My general research interest has been primarily focusing on understanding the dynamics and significance of genetic, environmental and evolutionary forces that shape the complexity of biological diversity. In addition to quantitative genomics aspects regarding genetic architecture underlying traits’ variability and evolvability, my recent research activities have also exploited informatics and data science approaches for predictive analysis using large, heterogeneous biological information.
Dr. Lan Zhu’s research mainly focuses on the development of statistical methods for the analysis of variation in large scale sequencing data and its association with phenotypic traits in a variety of organisms ranging from humans to domesticated plants and animals. Using statistical modeling and biological function network, we seek to understand the role of genetic architecture on the variation of phenotypes with the goal of developing an efficient framework of phenotype prediction from the genome sequence.

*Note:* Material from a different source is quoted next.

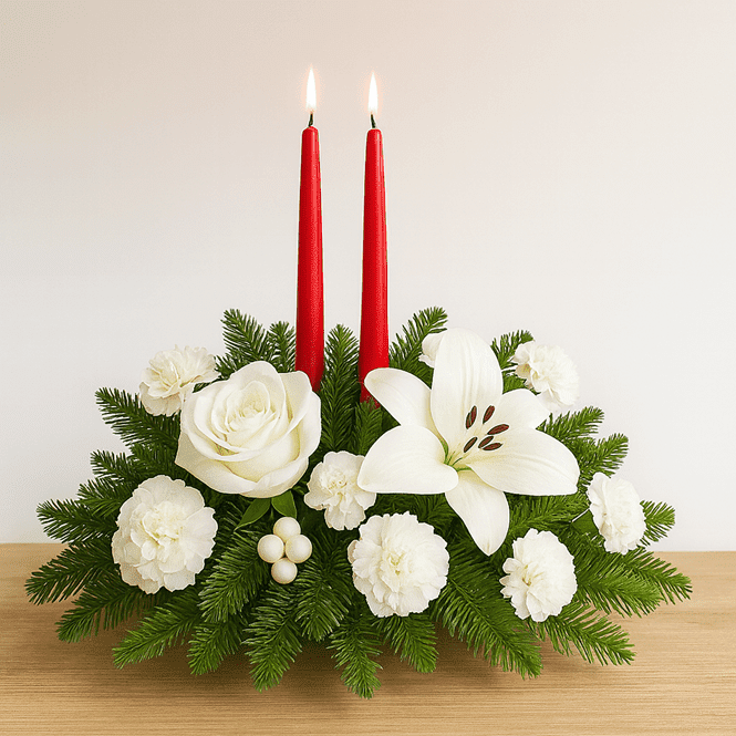Included: 8 stems white carnation, 1 stem white rose, 1 stem Asiatic lily, 2 candles, Christmas greenery in a centerpiece.

Karyn Willyerd received her Ph.D. in Biology from New Mexico State University in 2015. She joined OSU’s Translational Genomics Laboratory at Oklahoma State University in February 2016 where her postdoctoral training has been focused on genomics and data management. Dr. Willyerd’s current research is focused on drought responsive transcriptional variation in winter wheat.

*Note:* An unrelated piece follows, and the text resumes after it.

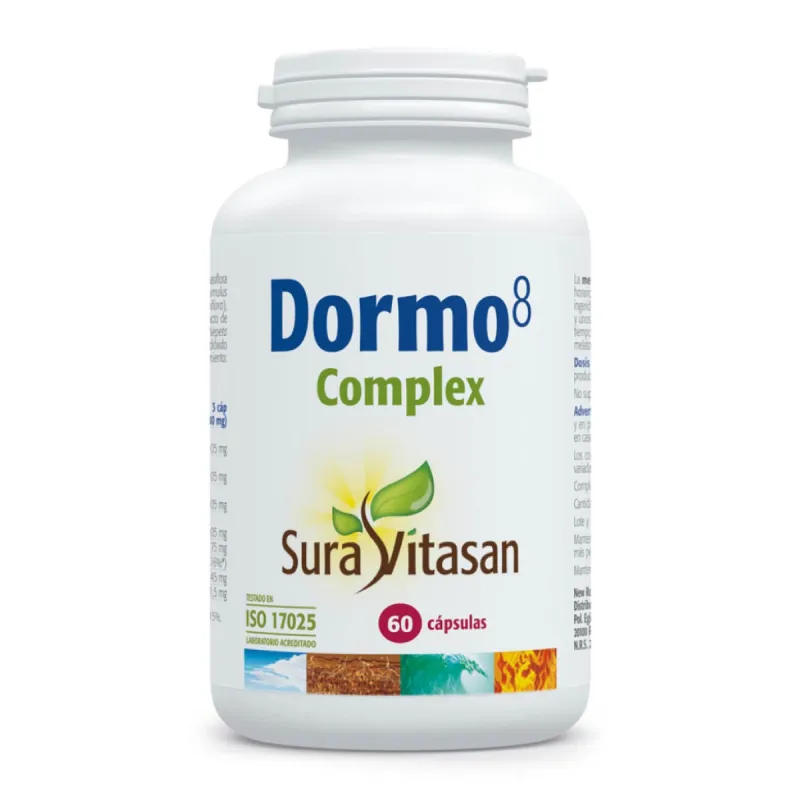 Sura Vitasan Dormo8 Complex, 60 cápsulas es un complemento alimenticio que combina melatonina, magnesio y extractos de plantas como manzanilla, pasiflora, lúpulo y escutelaria. Estos ingredientes contribuyen a la regulación del ritmo circadiano y favorecen la relajación mental y muscular. La melatonina participa en el ciclo de sueño-vigilia, el magnesio apoya la función del sistema nervioso y los extractos vegetales aportan propiedades calmantes.

Shuzhen Sun completed her Ph.D. degree in Industrial Engineering and Management from Oklahoma State University in December 2016. Her research interests focus on data analytics and operation research. Shuzhen has been working in the Translational Genomics Lab since August 2015. Her research includes SNP calling, de novo assembly, applying K-domination algorithm to reduce variable dimensionality for SNP data, and missing genotype data imputation.
Bryan Naidenov is a Ph.D student involved in research using non-linear optimization techniques and information theory to supplement the classification and regression of complex, polygenic traits. He is particularly focused on building deep-learning architectures to interpret highly unstructured genomic data, like whole-genome assemblies to aid in phenotypic prediction. His computational background involves programming highly-parallelized bioinformatic software frameworks to process massive quantities of biological data.

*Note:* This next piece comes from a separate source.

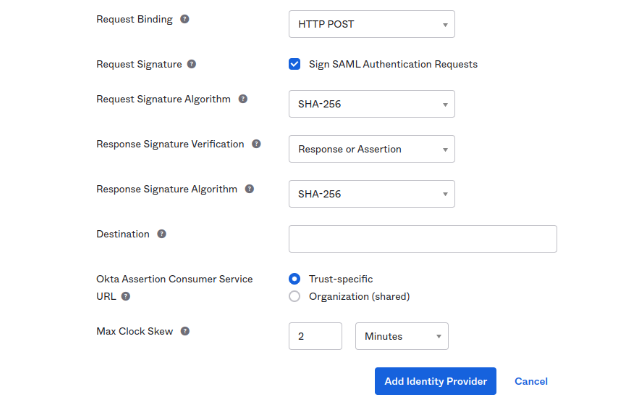 - Keep the default configurations in the Advanced Settings, then click “Add Identity Provider“

Alex joined the translational genomics lab in 2016. His roles in the lab include leading the genome assembly of a high-performing wheat variety, utilization of HPC cluster environments, terabyte-level data processing and differential genomics. He has led the way in creating a high-quality, optimized DNA processing pipeline for maximizing sequencing yield for ultra long-read single molecule real-time sequencing technology.
Xiaowei Hu was a PhD student in Statistics at OSU. Her areas of interest focus on the development and application of statistical prediction models in genetics and complex traits analysis. She is currently working on the project of developing and evaluating methods for analysis and prediction of grain yield of Oklahoma’s ‘Duster x Billings’ wheat population using high-dimensional genomic data. The selected best genomic prediction model will be used to assess the efficiency of genetic gain through two-generation validation. Then the final goal of this project will be selecting an optimal training population for future breeding.
Yuanwen Guo joined Chen Lab since October, 2016. She received her PhD from Oklahoma State University with a major in grass breeding and genetics. Throughout her career Yuanwen has been interested in utilizing genetic, genomic and statistical methods to improve plant breeding. Her current primary research interests are in the field of linkage mapping and genome wide association study.